[Data shown]:
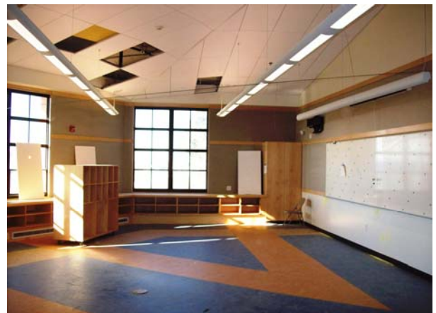
Area A, 2nd Floor North - Multi-Purpose Classroom
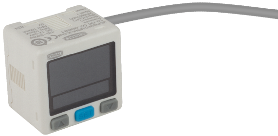
Vacuum and Pressure Switches VS-V/P-W-D-K-3C-D
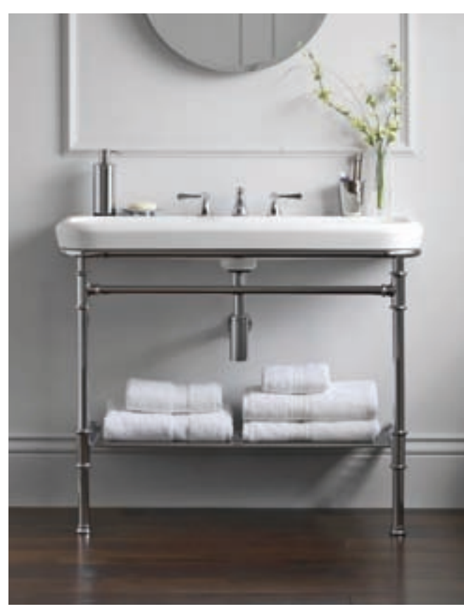
Victoria + Albert Metallo 100

The Candella washstand brings a touch of hotel chic to the bathroom with its elegantly sculpted legs, while the Metallo washstand sports right angle tee joints that look equally at home in a historic period bathroom or in an industrial-inspired theme. Both designs are available in two sizes and include a towel bar and a storage shelf in toughened glass to meet the demands of daily living. The washstands are topped with a basin crafted from ENGLISHCAST, the company's signature composite of volcanic limestone and high-

[Activity]:
Nothing but the lines from the one with "Victoria + Albert Metallo 100" through the end of the data above should be repeated, each exactly as it stands.

[Answer for this exercise]:
Victoria + Albert Metallo 100

The Candella washstand brings a touch of hotel chic to the bathroom with its elegantly sculpted legs, while the Metallo washstand sports right angle tee joints that look equally at home in a historic period bathroom or in an industrial-inspired theme. Both designs are available in two sizes and include a towel bar and a storage shelf in toughened glass to meet the demands of daily living. The washstands are topped with a basin crafted from ENGLISHCAST, the company's signature composite of volcanic limestone and high-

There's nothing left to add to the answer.